The “exorbitant privilege” of the US economy that MAGA wants to get rid of is not unique to the dollar – in fact, over the past four centuries, some country has had some variety of it, resulting in the same pattern: increased borrowing and economic benefits from it. The USD, as those in the business call it, has been the reserve currency for around a century, and its importance to global monetary and financial operations heightened after Nixon took it off the gold standard in 1971. But this doesn’t come for free: the key cost, besides distributional considerations, is a commitment to stability. The biggest risk to any hegemonic effort is that the “world’s banker” might want to wipe out a lot of its debt by devaluing its currency, which would completely wreck the global economy by affecting every other country’s monetary policy. Like, for example, during the Great Depression….

[…]

The main effect of the agenda of isolationism and protectionism isn’t just some misguided masturbatory RETVRN fantasy of white male supremacy – it also undermines the basic world order, the rule of law, and liberalism itself.

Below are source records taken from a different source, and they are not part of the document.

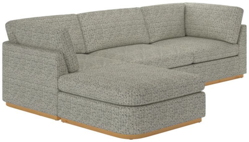 Sectional sofa's clean, minimalist-profile white oak plinth base and cloud-like comfort embodies Ross Cassidy's signature style of understated luxury. Plush cushions are generously filled with a fluffy mix of feathers, down and fibers to create a soft place to sink into. Performance boucle in ivory adds tonal texture. Built by hand in Mississippi using kiln-dried hardwood, sectional will bring style to the living space for years to come. CB2 exclusive.
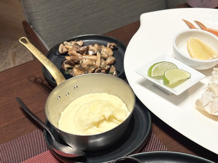 選べるサイドディッシュからは、香ばしいガーリックの香りが食欲をそそる「マッシュルームのガーリックソテー」と「ジャガイモのピューレ トリュフ風味」をチョイス。
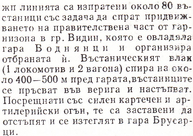 Боят при гара Воднянци. Към 16 ч. на 24 септ. от гара Брусарци по жп линията са изпратени около 80 въстаници със задача да спрат придвижването на правителствена част от гарнизона в гр. Видин, която е овладяла гара Воднянци и организира отбраната и. Въстаническия влак / 1 локомотив и 2 вагона/ спира на около 400-500 м. пред гарата, въстаниците се пръсват във верига и настъпват. Посрещнати със силен картечен и артилерийски огън, те са заставени да отстъпят и се изтеглят в гара Брусарци.
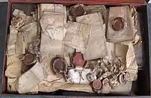 - ↑ Different versions of the charter exist. The text in this article draws on: Richard W. K. Bain, James, and George Grub, Bishop Gavin Dunbar's Hospital. Memorandum Dealing with the History and Records from the Foundation of the Benefaction and List of Title Deeds and Other Writs Relating Thereto, (Aberdeen: Rosemount P., 1931). and A M Munro, Records of Old Aberdeen, Vol.2 (New Spalding Club, Aberdeen, 1899). The original 1531 charter by signed by James V and part of the Gavin Dunbar Hospital in the University of Aberdeen
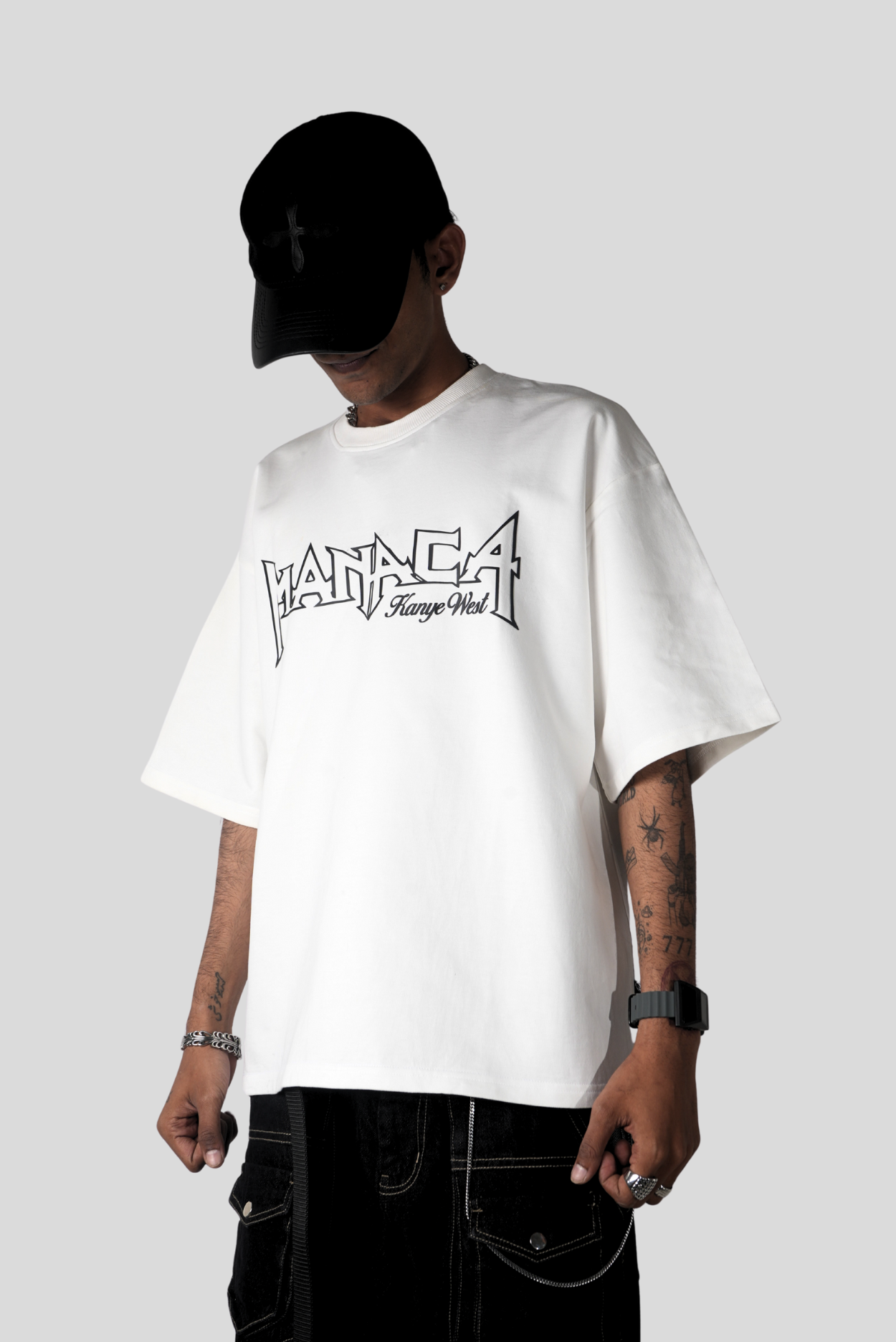 The ABSCOND tee is a heavy-hitting visual archive — raw, real, and rooted in cultural defiance. The front features a sharp MANACA x Kanye West logo, locking in minimalist rebellion. But flip it and the story unfolds: a grayscale collage of Ye and his children under a distressed “ABSCOND Forever” headline — a powerful nod to legacy, escape, and the chaos of freedom. Oversized and unapologetic, this tee ain’t here to blend in.
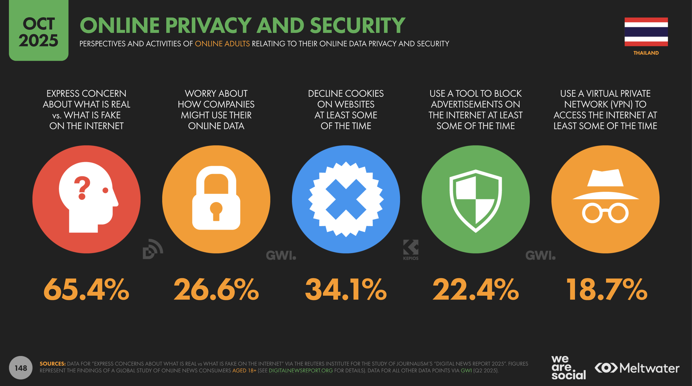 ในด้านความปลอดภัยและความเป็นส่วนตัวที่คนไทยยุคนี้กังวล ก็คือคือเรื่องการแยกแยะระหว่างข้อมูลจริงกว่า 65.4% เพราะมีข้อมูลปลอมที่บิดเบือนมาจากการสร้างข้อมูล ภาพ หรือวิดีโอด้วย AI ที่เริ่มเนียนขึ้นทุกวันจนแยกไม่ออกเยอะ สะท้อนถึงปัญหา Fake News และ Misinformation เยอะขึ้นในโลกโซเชียลและอินเทอร์เน็ต
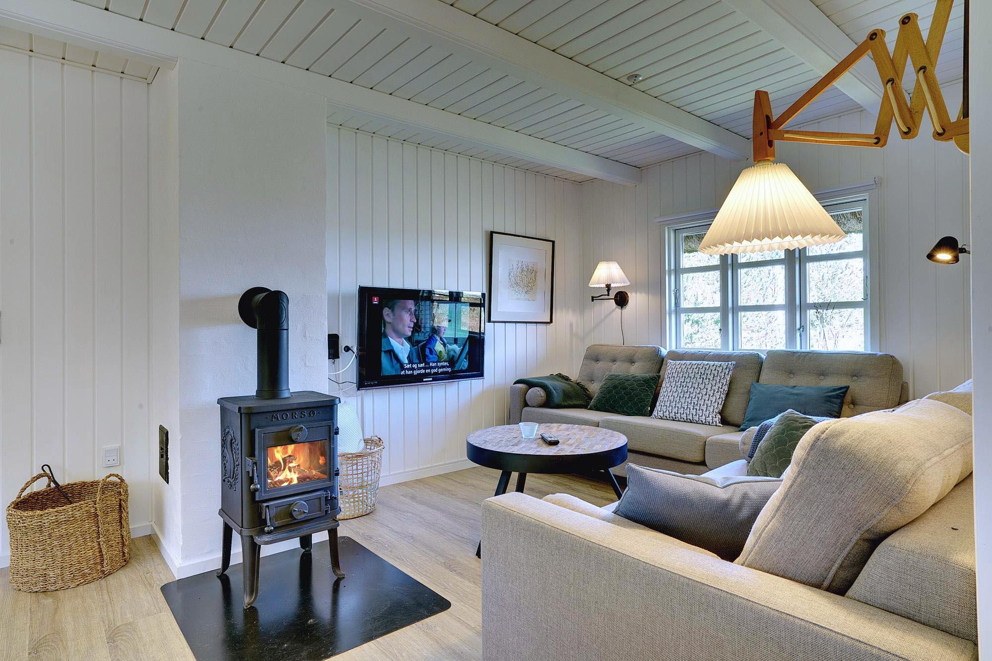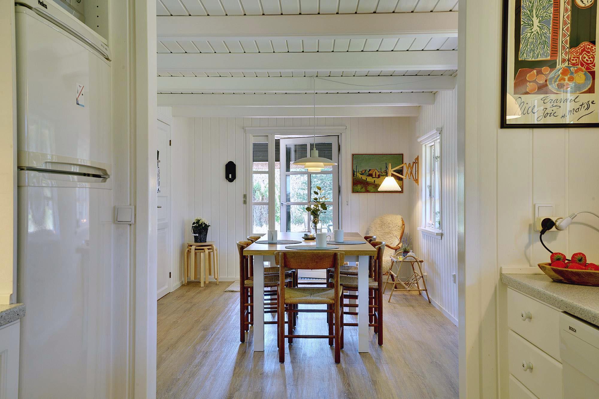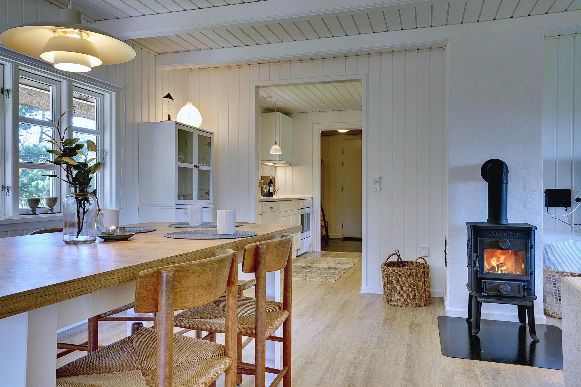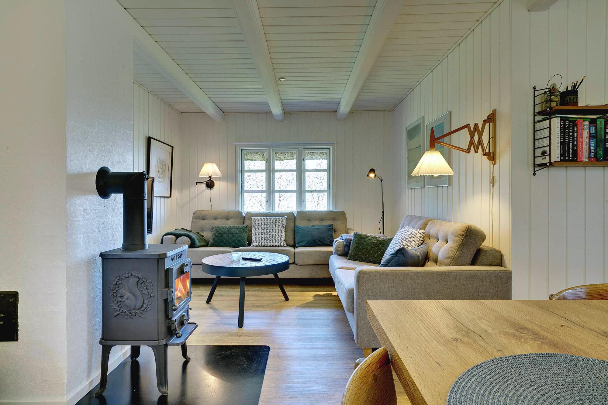 Kernen i huset er den åbne stue- og spisestue. Store vinduer lukker masser af dagslys ind og skaber en lys og venlig atmosfære. Brændeovnen giver dejlig varme på kølige dage og bidrager til ægte sommerhusstemning. Om aftenen på sofaen, med en god bog eller et glas vin efter en tur på stranden – her kan du virkelig slappe af.
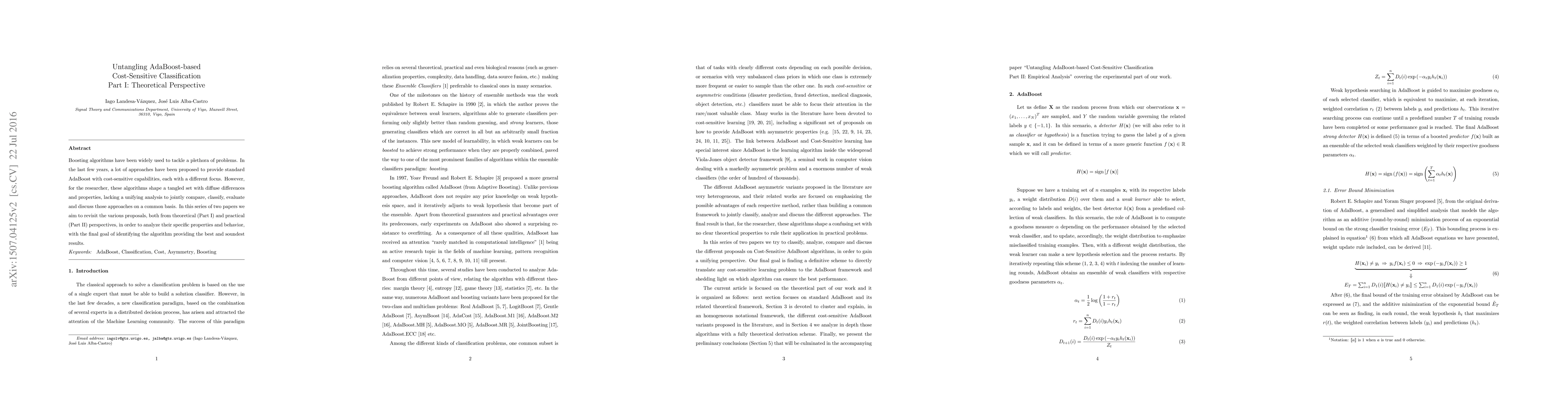 Boosting algorithms have been widely used to tackle a plethora of problems. In the last few years, a lot of approaches have been proposed to provide standard AdaBoost with cost-sensitive capabilities, each with a different focus. However, for the researcher, these algorithms shape a tangled set with diffuse differences and properties, lacking a unifying analysis to jointly compare, classify, evaluate and discuss those approaches on a common basis. In this series of two papers we aim to revisit the various proposals, both from theoretical (Part I) and practical (Part II) perspectives, in order to analyze their specific properties and behavior, with the final goal of identifying the algorithm providing the best and soundest results.
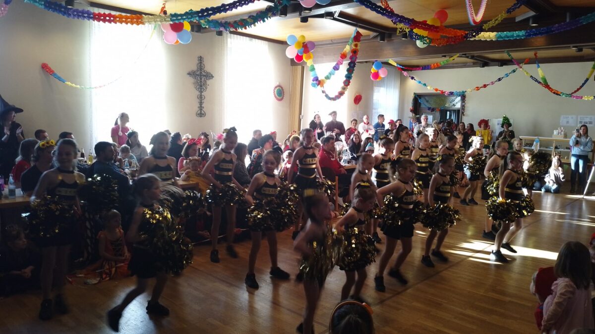 Gleich zu Beginn begrüßte Moderator und Sheriff Matthias die vielen verkleideten Kinder und Eltern. Die Gäste stärkten sich mit Kuchen, Torten, Muffins und Amerikanern. Danach traten die zwei Tanzmariechen Hannah und Constanze von der Faschingsgilde Dörflas auf. Im Anschluss spielten die Kinder Bobbycar-Rennen, Reise nach Jerusalem und Matchboxautos-Aufwickeln.
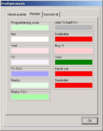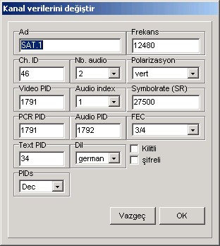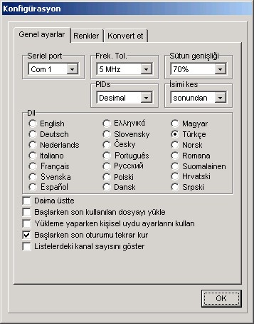 Burada menü dili, bağlantı yeri, PID'lerin ve kanal listesinin görüntüsü ayarlanır ve yabancı formatların importu için frekans toleransı verilir. Ayrıca burada SetEdit'in yazı ve ekran renklerini değiştirebilirsiniz.
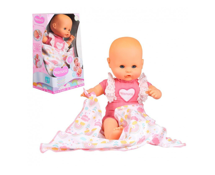Doll toy designed with a soft body and interactive sound feature to create a nurturing play experience. It includes sleeping eyes and a blanket for caring role play and bedtime storytelling. Perfect for playtime, it can be styled as a comforting and engaging activity for kids.
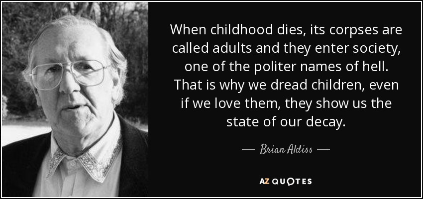 When childhood dies, its corpses are called adults and they enter society, one of the politer names of hell. That is why we dread children, even if we love them, they show us the state of our decay.
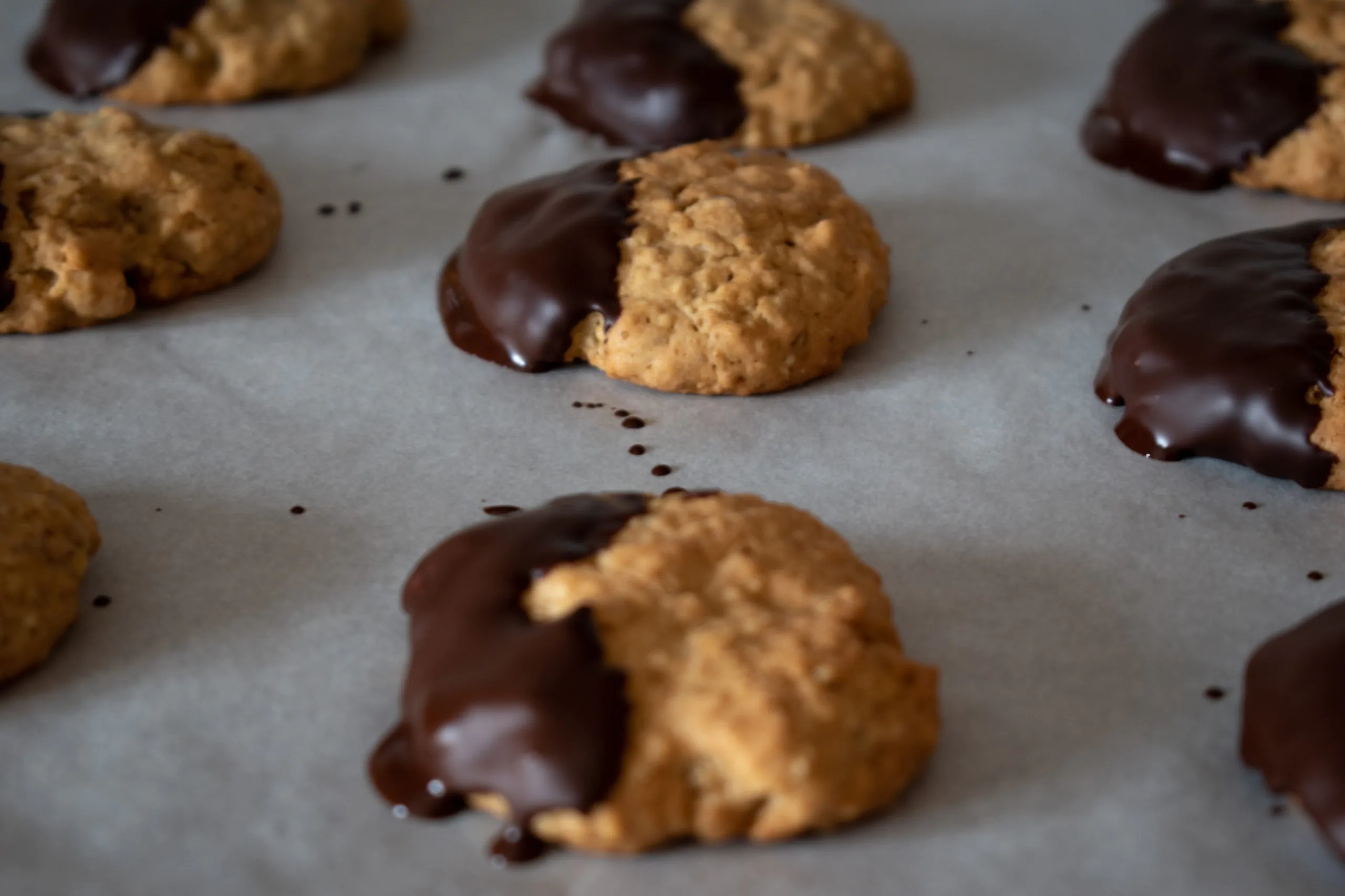 5. Sciogliete del cioccolato fondente a bagnomaria e intingetevi i biscotti all’arancia, dopodiché adagiateli sopra una gratella e attendete che la glassa si solidifichi completamente.
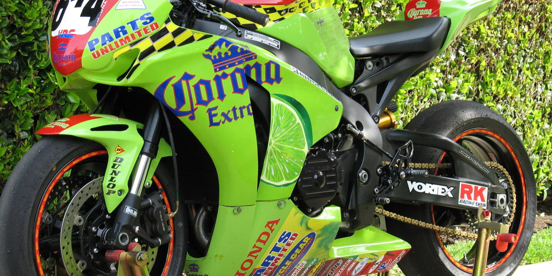 Super Stock Build Motor with a milled head, cam timing and undercut transmission. 350 miles since rebuild. 157 RWHP on SuperFlow with a well worn slick = Approx 180-185 RWHP on DynoJet with a newer DOT. Mapped for Sunoco 260 GTX 98 Octane. HRC ECU Power Commander III Power Commander Quick Shifter Ohlins 25MM Fork Cartridges (1.0 Springs) Ohlins TTX Shock (115 Spring) HRC Headers FMF Full Exhaust Quick Turn Throttle Vortex Rear Sets Vortex Case Cover Vortex Clip-ons Taylor Made Clutch Cover GPR Steering Damper Galfer Steel Braided Lines Front & Back Hotbodies Bodywork Hotbodies Speed Screen Stomp Grip CRG Folding Brake & Clutch Levers Vortex Fuel Cap Fully Safety Wired Spare set of Hotbodies body work in Corona Extra Honda livery included with purchase. Suspension set up for 200 lb rider. Never dropped or crashed.
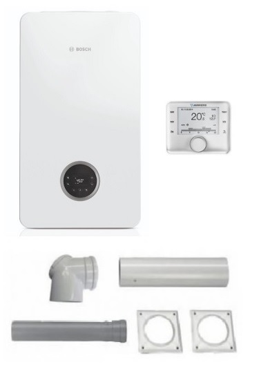 Bosch CONDENS GC2300iW 24C Kocioł gazowy, wiszący, zamknięta komora spalania, dwufunkcyjny + Regulator Pogodowy z czujnikiem zewnętrznym + System Powietrzno-Spalinowy AZB 616/1
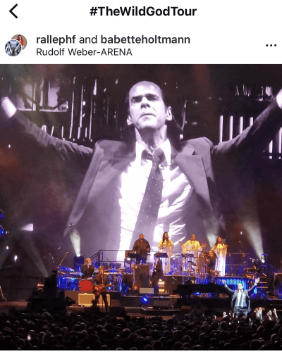 It looks like the first night of Nick Cave & the Bad Seeds’ Wild God tour in Amsterdam was a HUGE success last night. There were tons and tons of videos and photos on Instagram this morning that were kind of breath-taking. The energy. The intensity. The joy.
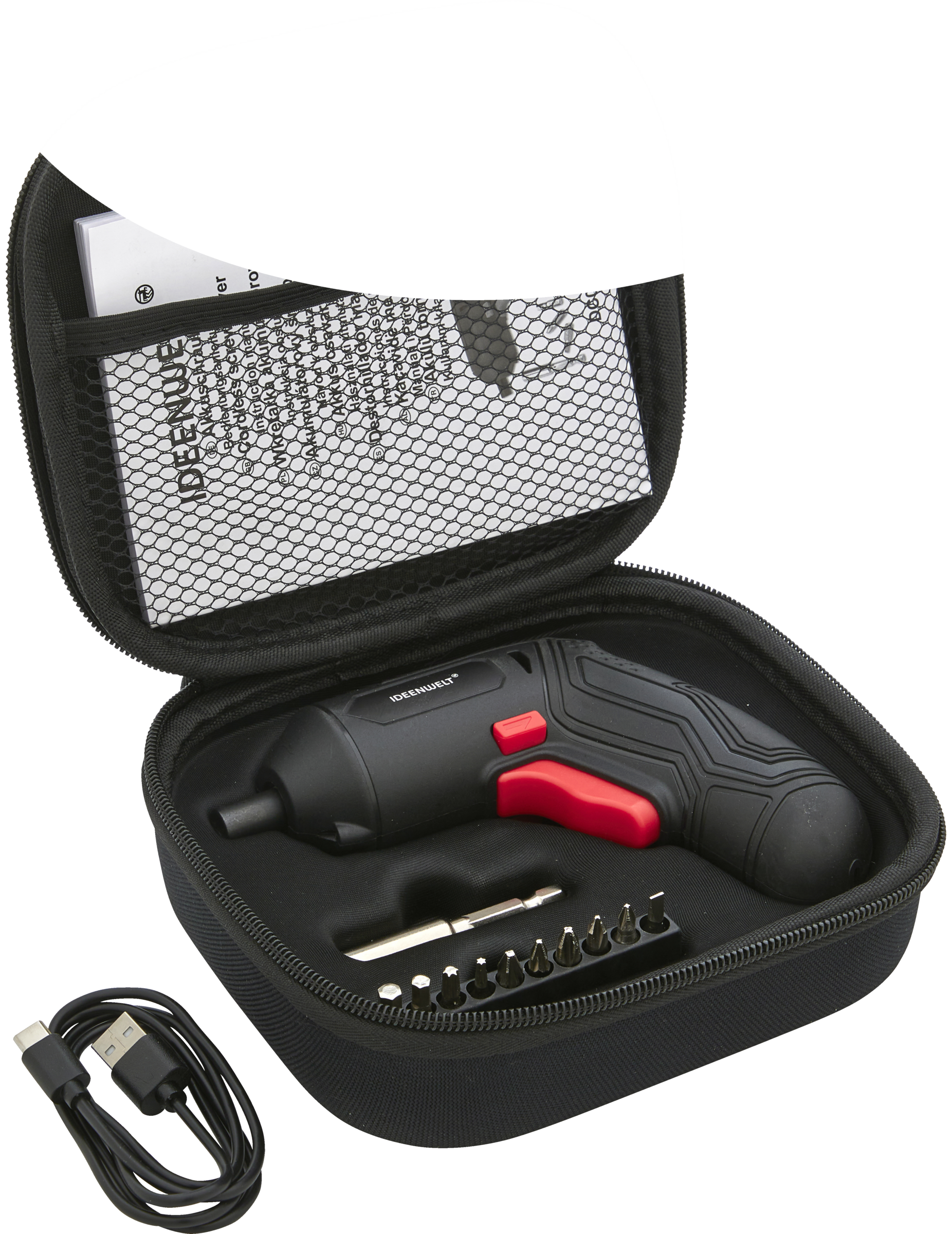 - inkl. 10 Standard-Bits, 1 Bit-Verlängerung und USB-C-Kabel

Plenty more detaul and context at the link.

The biggest problem with Trump’s trade war is that it’s based on nostalgia for something that can’t be reconstructed — even if we assume arguendo that different trade policy could have slowed the decline of the manufacturing sector, Trump’s tariffs aren’t going to bring it back. But because the trade war is based on a web of resentments, initial economic failure probably isn’t going to dissuade him, either. And this is bad, because he really believes his own insane bullshit on trade deficits.

Trump: "We were losing hundreds of billions of dollars with China. Now we're essentially not doing business with China. Therefore, we're saving hundreds of billions of dollars. It's very simple."